Comment 5 for bug 77138

Revision history for this message
Yeti (yeti) wrote :

>> The complexity of every simple private or one-shot script that reads these files
>> is considerably increased.

> This is why we use wrappers, libraries, or whatever to handle input formats,
> instead of writing a parser for each program.

Many of these files are not in `formats'. They are general text files: structured, unstructured, and often ad-hoc or partially structured. No wrapper will do unless it's a fopen() (leaving aside open(), mmap(), etc.) wrapper.

> The trivial zgrep wrapper shows this isn't an issue;

No, the necessity to learn different commands (if someone wrote them) because none of the standard Unix text tools is usable (on supposedly text files) shows that it is a serious issue.

> besides, why would one want
> to grep instead of using beagle, tracker, or an ad hoc command to access
> a specialized format?

Beagle is not useful for searching because it is incapable of imposing conditions on the file name.

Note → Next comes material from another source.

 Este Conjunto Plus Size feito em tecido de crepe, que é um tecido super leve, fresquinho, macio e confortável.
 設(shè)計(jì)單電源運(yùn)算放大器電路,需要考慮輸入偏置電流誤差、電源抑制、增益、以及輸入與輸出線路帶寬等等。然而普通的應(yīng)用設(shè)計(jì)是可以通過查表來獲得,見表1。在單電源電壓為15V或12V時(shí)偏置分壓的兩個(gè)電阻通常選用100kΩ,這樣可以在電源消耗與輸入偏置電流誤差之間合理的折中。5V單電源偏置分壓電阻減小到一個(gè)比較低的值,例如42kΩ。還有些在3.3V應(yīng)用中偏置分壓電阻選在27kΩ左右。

And of course it does not replace any other text tool beside grep. Regarding specialized formats, if you have ever tried to find anything in gnuplot help, you probably noticed the fastest method is to just grep the gih file.

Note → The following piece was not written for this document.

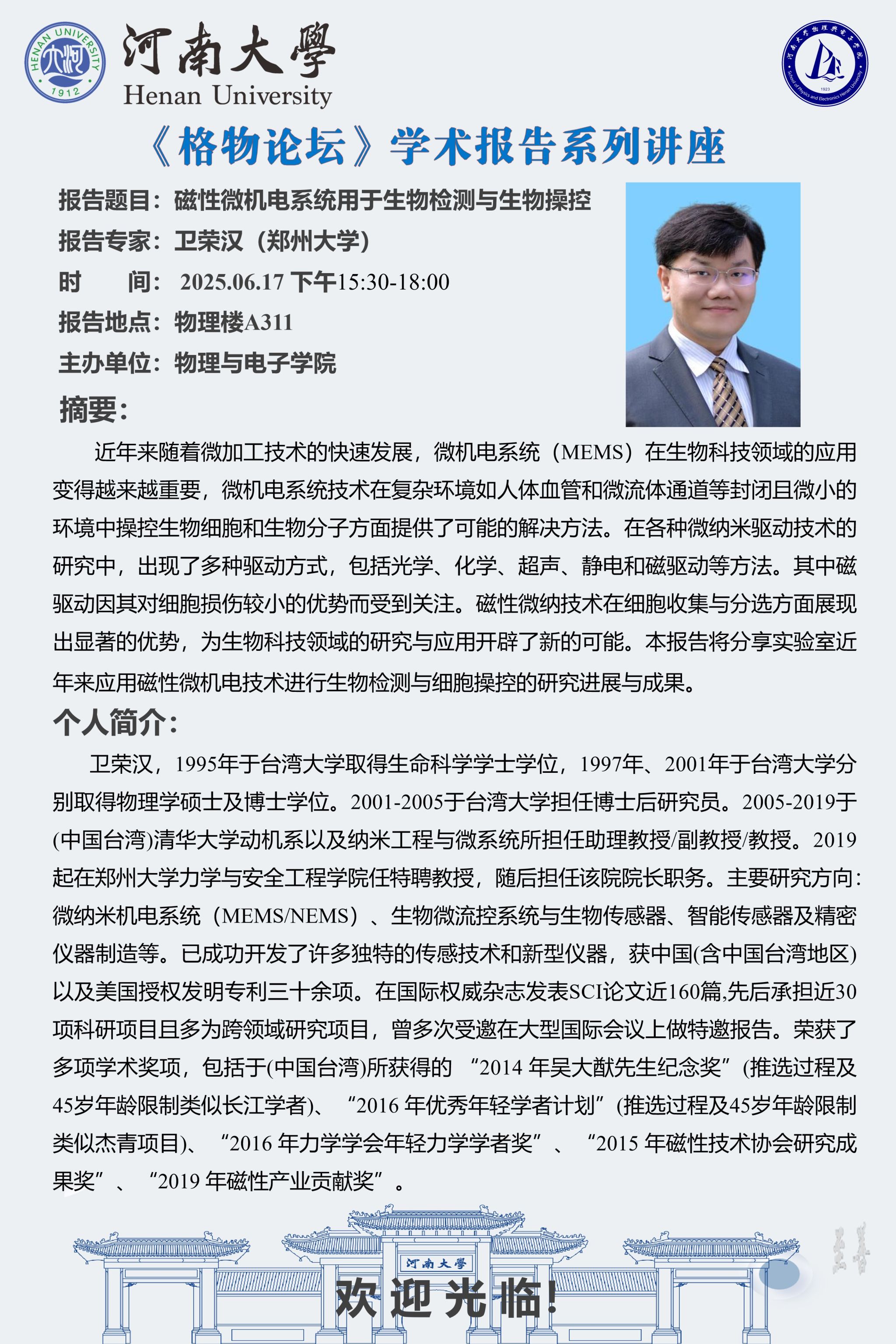 卫荣汉:磁性微机电系统用于生物检测与生物操控(时间:6月17日)

I don't understand what's good on complicating of reading the files. This does not depend on how specialized the format is.

>> Why HTML files aren't compressed?

So, why they aren't?

> Why are most PNG files compressed?

Ah, now we are getting somewhere. PNG files are not compressed. Show me a single png.gz file.

And please don't try to argue PNG files are compressed internally, because this is completely irrelevant. PNG specifications says how the information is stored, it can be compressed, or frobnicated or whatever. But PNG files are stored exactly according to their specification, no mangling is performed. Unlike other files that are mangled.

> evince certainly does, as well as compressed DVI and PS.

evince /usr/share/doc/tetex-doc/programs/dvips.pdf.gz

Result: http://hydra.physics.muni.cz/~yeti/tmp/evince-pdf-gz.png

The same for DVI (it can handle ps.gz though).

---------------------
This discussion is pointless. After all the years of experience with compressed documentation in Debian no one can convince me it makes sense. And conversely, Debian people seem to be incapable of admitting any fundamental problems. Will I ever grow wise enough to let it be? Sigh.

---------------------
> my conclusion so far is that we should aim at excluding index.sgml files from
> compression and that such a transition will happen slowly over the next years.

Thank you.